Articulatory and Acoustic Properties of Saudi Arabic Coronals and Cross-language Perceptual Assimilation by Naïve Listeners: The Case of Saudi Arabic and Seoul Korean

Sarah Alamri

Major Professor: Harim Kwon, PhD, Department of English

Committee Members: steven h. weinberger, Vincent Chanethom

Horizon Hall, #4225
April 22, 2022, 10:00 AM to 01:00 PM

Abstract:

The Perceptual Assimilation Model (PAM) (Best, 1995) claims listeners directly perceive articulatory gestures of the vocal tract rather than the acoustic/auditory signals. Accordingly, the articulatory similarities and discrepancies between native and non-native sounds determine the perceptual assimilation patterns of the non-native sounds. This dissertation provides empirical data to verify PAM's claims by testing two under-studied languages with typologically less common consonants. In Saudi Arabic, coronals can be pharyngealized (emphatics) and consonant duration is contrastive (singletons vs. geminates). On the other hand, Seoul Korean has the three-way laryngeal contrast including aspirated, lax, and tense stops with the lax stop subject to intervocalic voicing, and it has the two-way fricative contrast. This dissertation investigates cross-language perception in which naïve Saudi Arabic listeners hear Seoul Korean sounds (/th t t* sh s*/) and Seoul Korean listeners hear Saudi Arabic sounds (/t tʕ d s sʕ/ and their geminate counterparts). By doing so, I examine how each group of listeners assimilates the non- native sounds from the other language to their native categories, and to what extent articulatory similarities and discrepancies between the sounds in the listeners’ native language and those in the stimuli predict the way listeners perceive unfamiliar sounds.

This dissertation presents one production experiment and two perception experiments. Unlike Seoul Korean, little is known about the articulatory and acoustic properties of Saudi Arabic sounds. While the understanding of Seoul Korean sounds is based on the previous phonetic works on Seoul Korean obstruents (e.g., Kim et al., 2010), the production experiment, in this dissertation, aims to understand the articulatory configurations of previously unstudied Saudi Arabic coronal obstruents, particularly in the Southern dialect. As the first step to explore the relationship between articulation and perception, the production experiment investigates the tongue root configuration and its acoustic properties during Saudi Arabic speakers’ productions of coronal obstruents, using the ultrasound tongue imaging technology. As previous studies focus on either voicing or gemination or on either stops or fricatives in an initial position, I additionally examine the effect of gemination, voicing, and manner (stops vs. fricatives, including emphatics) on the tongue root configurations during intervocalic obstruents, as well as their acoustic properties, such as durations of constrictions, voice onset time (VOT), presence and absence of vocal folds vibration, and flanking vowel durations. The articulatory findings indicate that tongue root position is significantly affected by gemination and voicing such that tongue root advancement is observed among voiced and geminate consonants.The current study also reveals manner does not make a significant difference in the tongue root position such that stops and fricatives behave similarly.

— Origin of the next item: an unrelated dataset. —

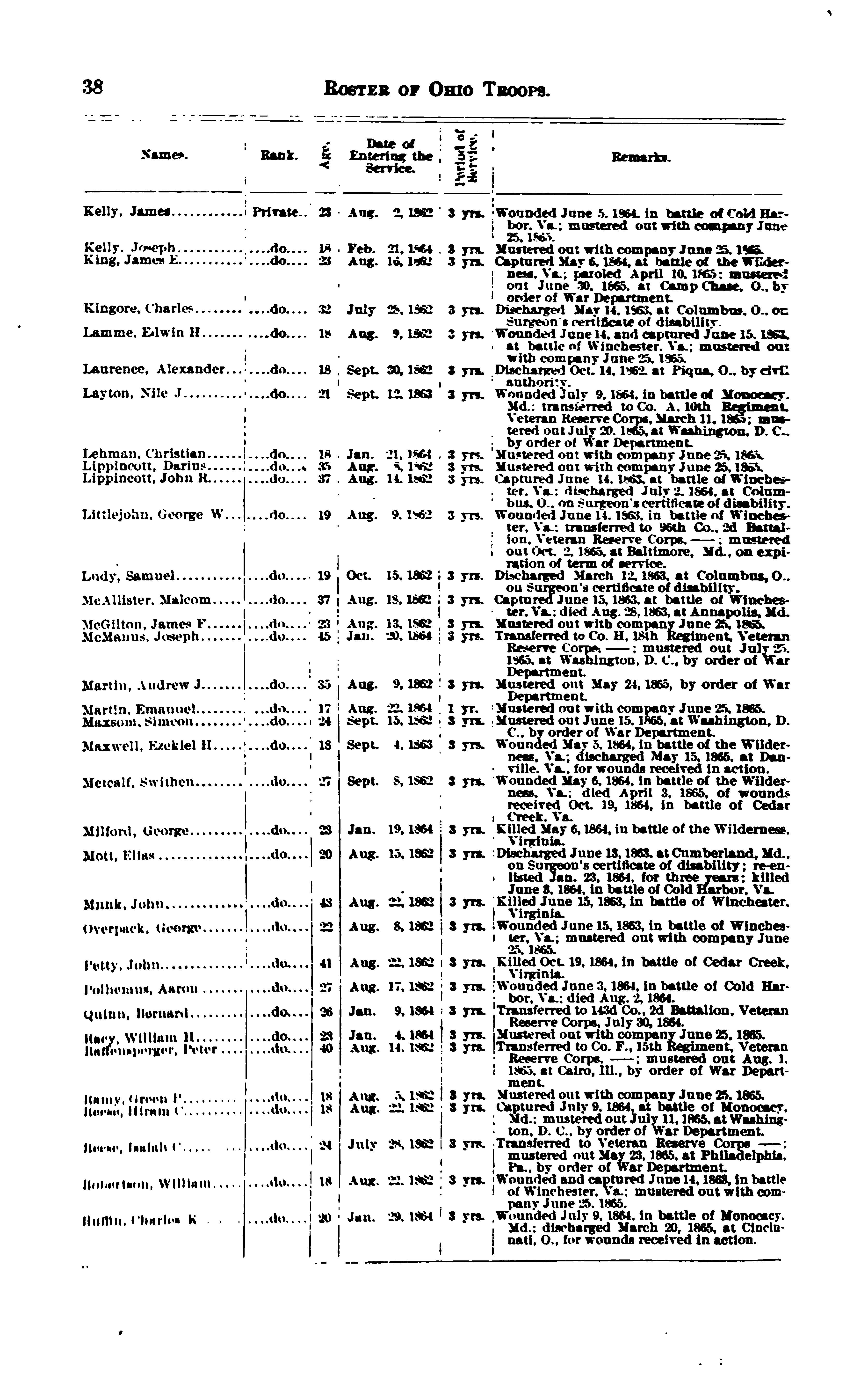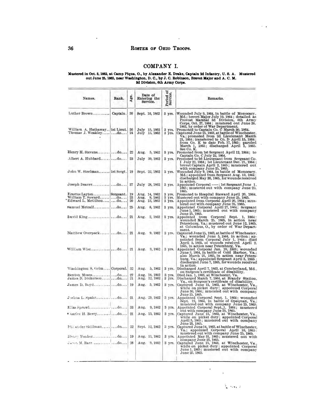 - George W. Overpack — Private, age 22, entered service Aug. 8, 1862, 3 yrs. Wounded June 15, 1863, in battle of Winchester, Va.; mustered out with company June 25, 1865.

In terms of acoustic properties, the current results confirm that the Southern dialect of Saudi Arabic has contrastive consonant duration in word-medial positions where geminate coronals have a longer constriction duration than singleton ones. The acoustic findings put the Southern dialect of Saudi Arabic in the category of the true-voiced languages with pre-voiced, unaspirated emphatic, and aspirated stops. The duration of V1 is short, and V2 is long in the geminate sound contexts, and the opposite is true in the singleton sound contexts.

Based on PAM predictions, the investigation in the production experiment, and on the previous phonetic works on Seoul Korean obstruents, I offer a set of testable predictions on how

Saudi Arabic and Seoul Korean listeners perceive sounds from the other language. The predictions are tested in cross-language perceptual assimilation experiments. The results appear to be mostly consistent with the predictions except for a few notable patterns. Listeners generally assimilated non-native sounds to the native counterparts involving the same articulator, constriction location, VOT and/or constriction duration, as found in the case of Saudi Arabic /t d s sʕ/ and /tː dː sː sʕː/ and Seoul Korean /th t t* sh s*/. However, Saudi Arabic emphatic stops /tʕ tʕː/ are assimilated more frequently as Seoul Korean labials /p p*/ than coronals. This emphatic-to- labial assimilation pattern is not expected because /tʕ tʕː/ and /p p*/ are dissimilar articulatorily (have different places of articulation). A possible explanation for this assimilation pattern can be found in their acoustic, but not articulatory, similarity since pharyngealized sounds and labial sounds usually lower F2 of the adjacent vowels. This acoustic similarity arguably may cause the Seoul Korean listeners to assimilate the emphatic consonants to labial consonants. Taken together, the findings suggest that non-native perception is not exclusively articulatory but also acoustic.